- [Supplied data]

=-=-=

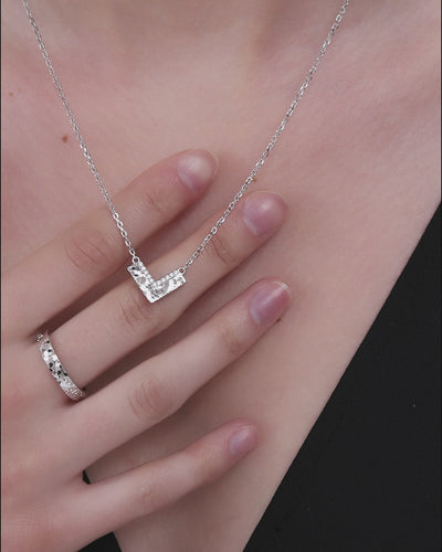 Die schlichte V-Form schmiegt sich elegant an den Hals an und unterstreicht die natürliche Silhouette.
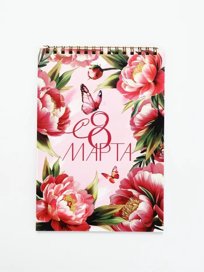 Блокнот А5, 40 листов на гребне "Розовые пионы"
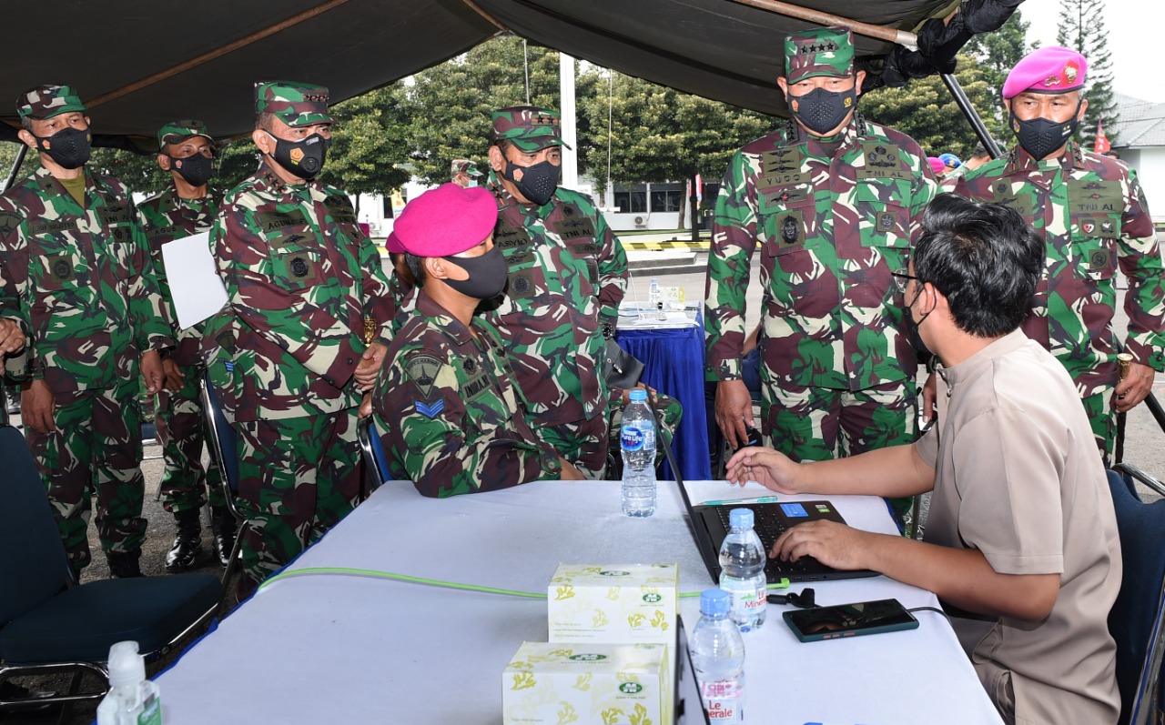 KSAL Laksamana TNI Yudo Margono didampingi Dankormar Mayjen TNI (Mar) Suhartono, M.Tr. (Han)., beserta pejabat teras TNI AL menerima penjelasan dari Kadiskes Kormar Kolonel Laut (K) dr. Ariyo S. Bintoro, Sp. U., dan Komandan Rumah Sakit TNI Angkatan Laut Marinir (Danrumkitalmar) Cilandak Kolonel Laut (K/W) dr. Jati Barandini Prastiwi, MARS., terkait pelaksanaan vaksinasi prajurit mulai dari proses registrasi, pengecekan tensi dan suhu, verifikasi, skrining, vaksinasi, observasi dan pemberian sertifikat telah divaksin.
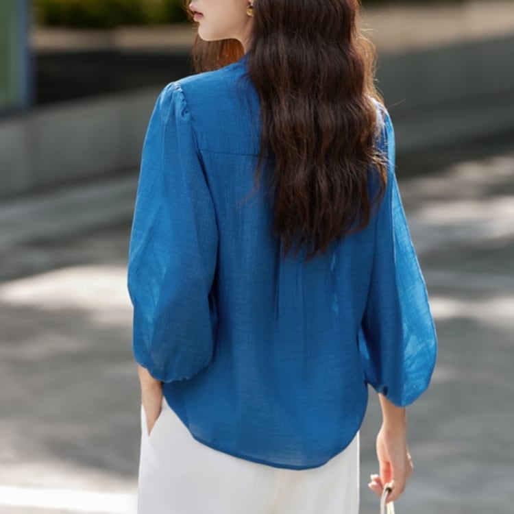 ふんわりとしたバルーンスリーブが魅力のシンプルなブラウス。

=-=-=

- [Instructions for the task] In your copy of the material, every word must match and no image should appear.

- [Answer]
 Die schlichte V-Form schmiegt sich elegant an den Hals an und unterstreicht die natürliche Silhouette.
 Блокнот А5, 40 листов на гребне "Розовые пионы"
 KSAL Laksamana TNI Yudo Margono didampingi Dankormar Mayjen TNI (Mar) Suhartono, M.Tr. (Han)., beserta pejabat teras TNI AL menerima penjelasan dari Kadiskes Kormar Kolonel Laut (K) dr. Ariyo S. Bintoro, Sp. U., dan Komandan Rumah Sakit TNI Angkatan Laut Marinir (Danrumkitalmar) Cilandak Kolonel Laut (K/W) dr. Jati Barandini Prastiwi, MARS., terkait pelaksanaan vaksinasi prajurit mulai dari proses registrasi, pengecekan tensi dan suhu, verifikasi, skrining, vaksinasi, observasi dan pemberian sertifikat telah divaksin.
 ふんわりとしたバルーンスリーブが魅力のシンプルなブラウス。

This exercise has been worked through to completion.